Federal Judge Rules Obamacare Invalid

WASHINGTON — A conservative federal judge in Texas has ruled the Affordable Care Act “invalid” on the eve of the sign-up deadline for next year. But with appeals certain, even the Trump White House said the law will remain in place for now.


In a 55-page opinion, U.S. District Judge Reed O’Connor ruled Friday that last year’s tax cut bill knocked the constitutional foundation from under “Obamacare” by eliminating a penalty for not having coverage. The rest of the law cannot be separated from that provision and is therefore invalid, he wrote.


Supporters of the law immediately said they would appeal. “Today’s misguided ruling will not deter us: our coalition will continue to fight in court for the health and wellbeing of all Americans,” said California Attorney General Xavier Becerra, who is leading a coalition of states defending the ACA.


The White House applauded O’Connor’s ruling, but said the law remains in place while appeals proceed. President Donald Trump tweeted that Congress should pass a new law.


“As I predicted all along, Obamacare has been struck down as an UNCONSTITUTIONAL disaster!” Trump tweeted. “Now Congress must pass a STRONG law that provides GREAT healthcare and protects pre-existing conditions.”


However, Congress is unlikely to act while the case remains in the courts. Numerous high-ranking Republican lawmakers have said they did not intend to also strike down popular provisions such as protection for people with pre-existing medical conditions when they repealed the ACA’s fines for people who can afford coverage but remain uninsured.

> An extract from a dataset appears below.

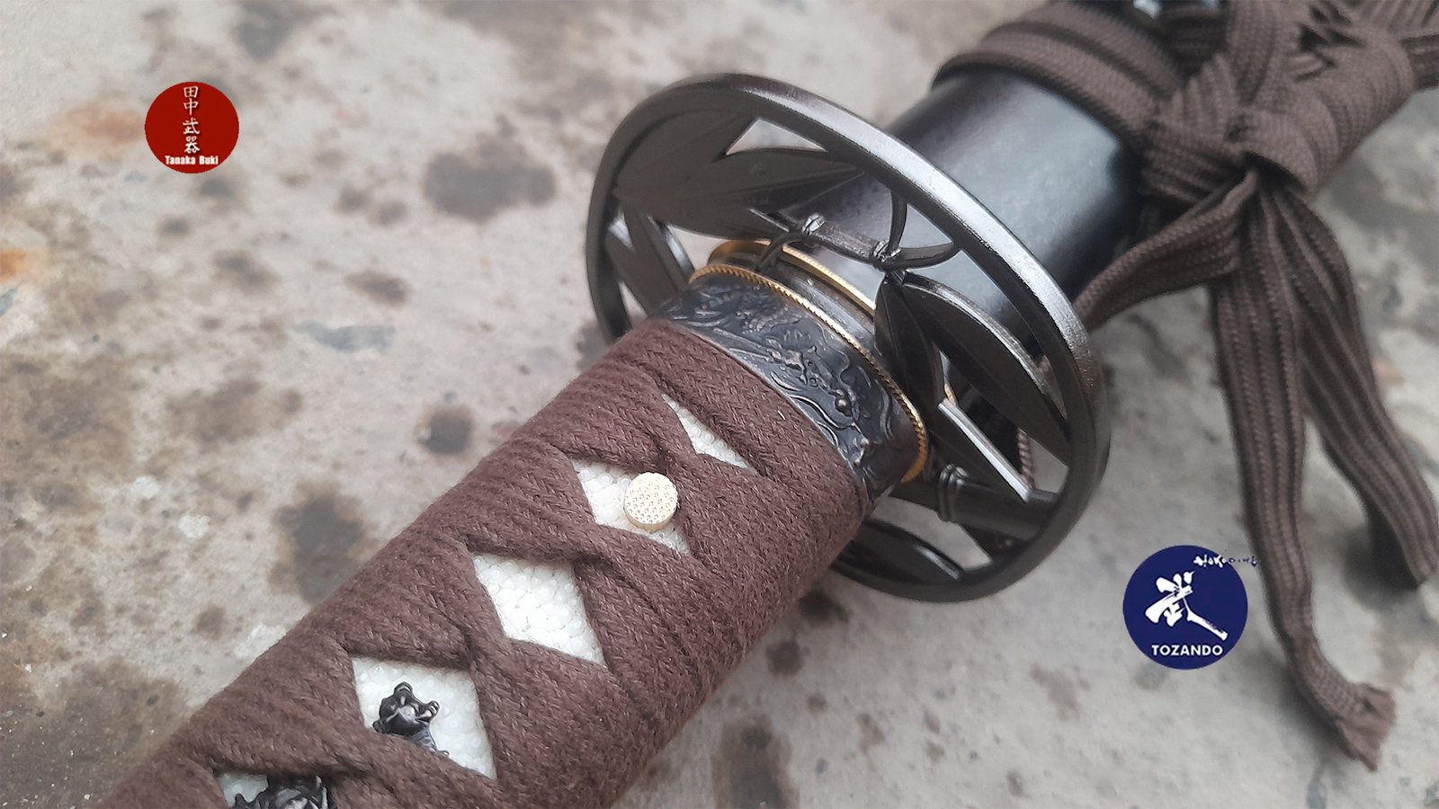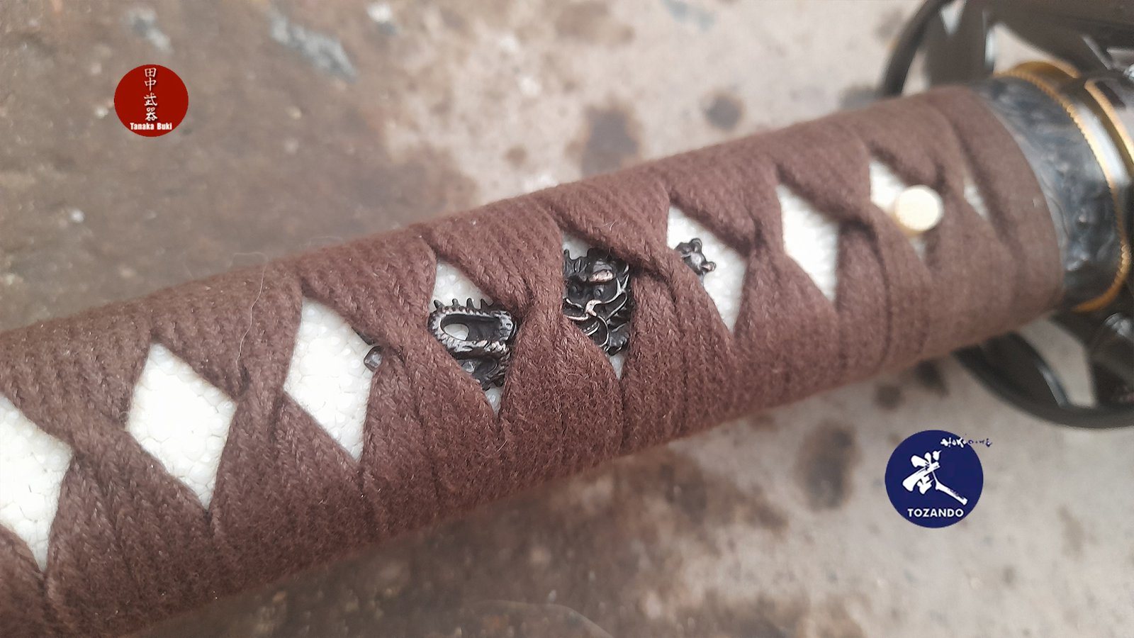 ito Japones de algodón marron, samegawa original natural, fuchigashira y Menuki con motivo de Dragon.

Still, Democratic Rep. Nancy Pelosi, who is expected to become House speaker in January, vowed to fight what she called an “absurd ruling.” She said the House “will move swiftly to formally intervene in the appeals process to uphold the life-saving protections for people with pre-existing conditions and reject Republicans’ effort to destroy the Affordable Care Act.”


White House press secretary Sarah Huckabee Sanders said: “We expect this ruling will be appealed to the Supreme Court. Pending the appeal process, the law remains in place.”


Legal expert Timothy Jost, a supporter of the health law, said O’Connor’s ruling would have repercussions for nearly all Americans if it stands. If the entire health law is invalidated, popular provisions that benefit Medicare beneficiaries and people with employer coverage would also be scrapped. That could include the section that allows parents to keep young adult children on their coverage until age 26.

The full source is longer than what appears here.